◆ **Information supplied**:
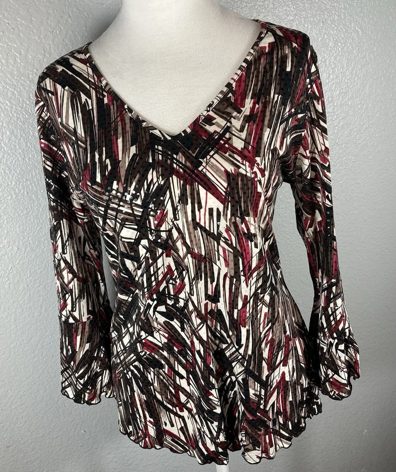 Catos Geometric Blouse Top S Shimmer Dots Shirt Stripe Print Bell Sleeve Career FAST SHIPPING Shou... Show more
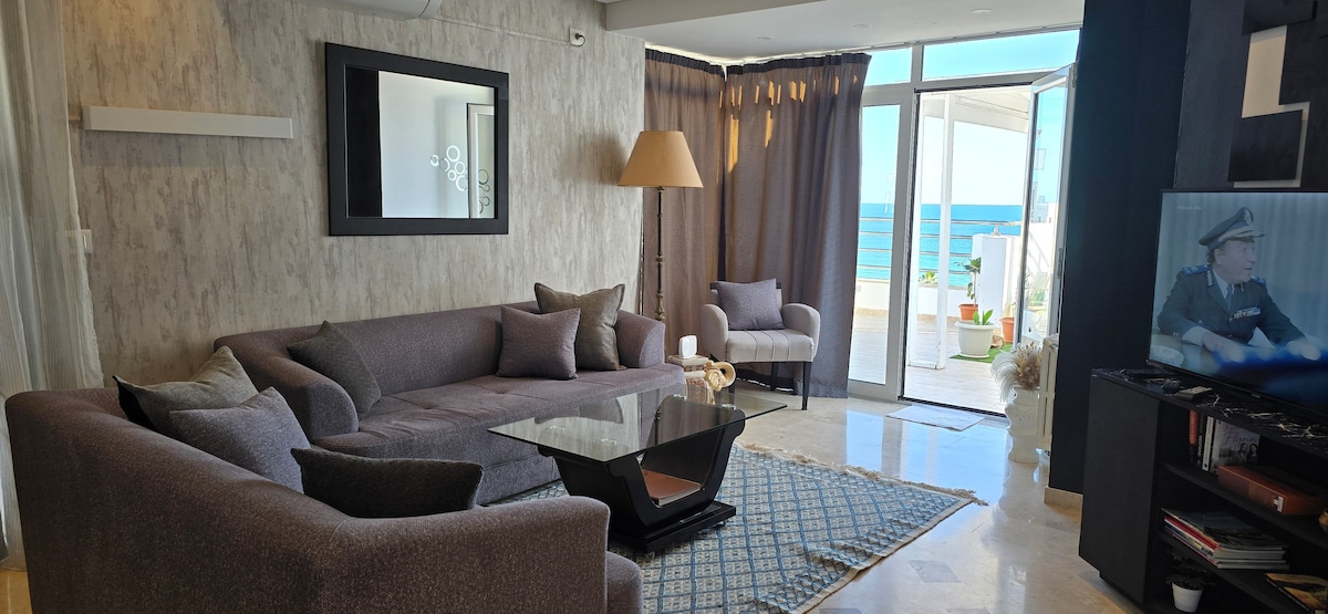 Discover a luxurious sea-view apartment in the city's heart. Wake up to Mediterranean panoramas from two bedrooms and enjoy coffee on a stunning terrace overlooking the coast. Located near The Medina and few minutes by taxi from Port El Kantaoui, this stylish space offers high-end furnishings, a well-equipped kitchen, WiFi, Smart TV, and modern comforts Two king-size bedrooms, an Italian-style bathroom, and workspace ensure a perfect urban retreat with easy access to cafés, restaurants, and bars
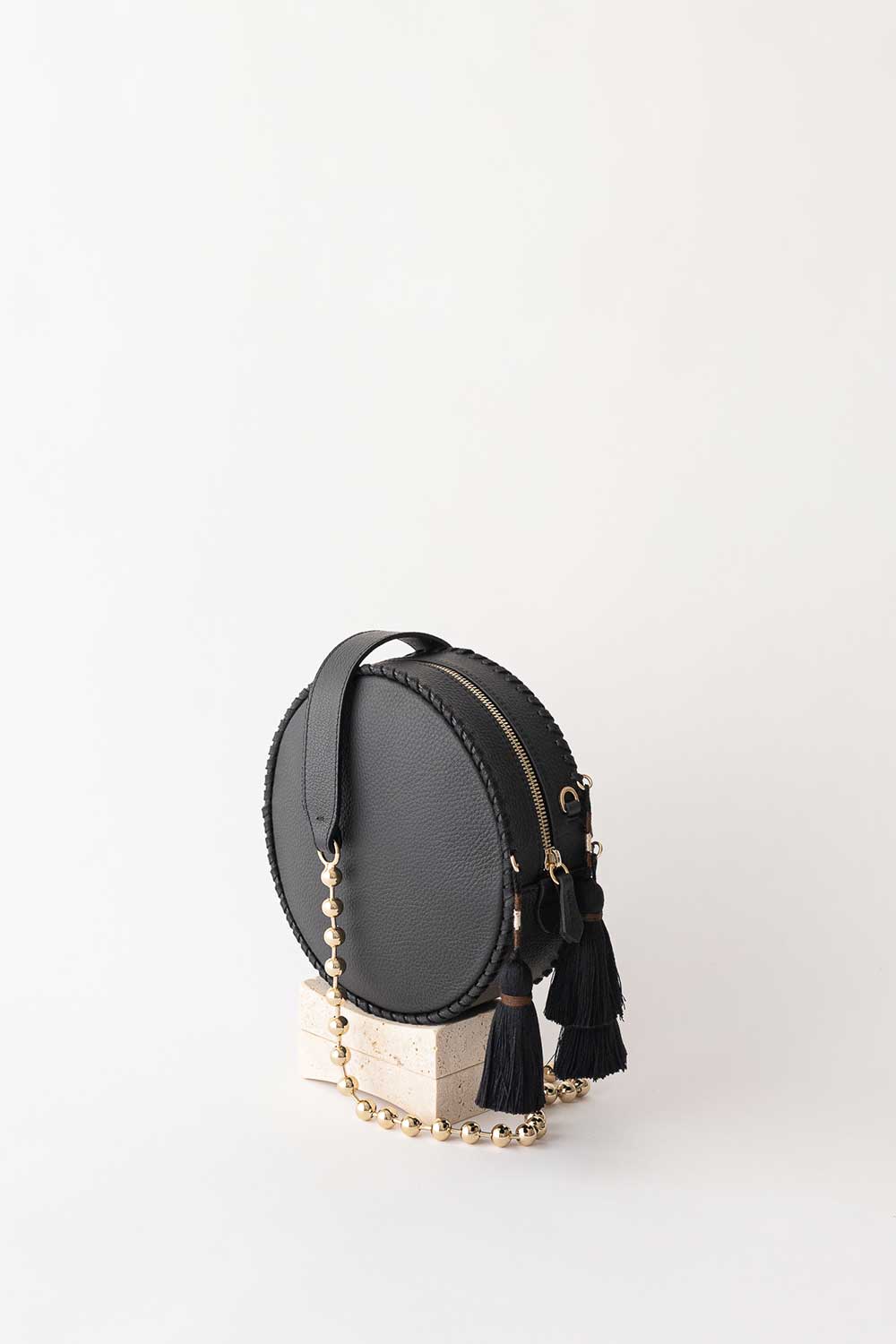 three tassels handmade. Shoulder strap made of light gold chain balls.

◆ **What to do**: Please set down the data above exactly as given, leaving every picture out.

◆ **Completed task**:
 Catos Geometric Blouse Top S Shimmer Dots Shirt Stripe Print Bell Sleeve Career FAST SHIPPING Shou... Show more
 Discover a luxurious sea-view apartment in the city's heart. Wake up to Mediterranean panoramas from two bedrooms and enjoy coffee on a stunning terrace overlooking the coast. Located near The Medina and few minutes by taxi from Port El Kantaoui, this stylish space offers high-end furnishings, a well-equipped kitchen, WiFi, Smart TV, and modern comforts Two king-size bedrooms, an Italian-style bathroom, and workspace ensure a perfect urban retreat with easy access to cafés, restaurants, and bars
 three tassels handmade. Shoulder strap made of light gold chain balls.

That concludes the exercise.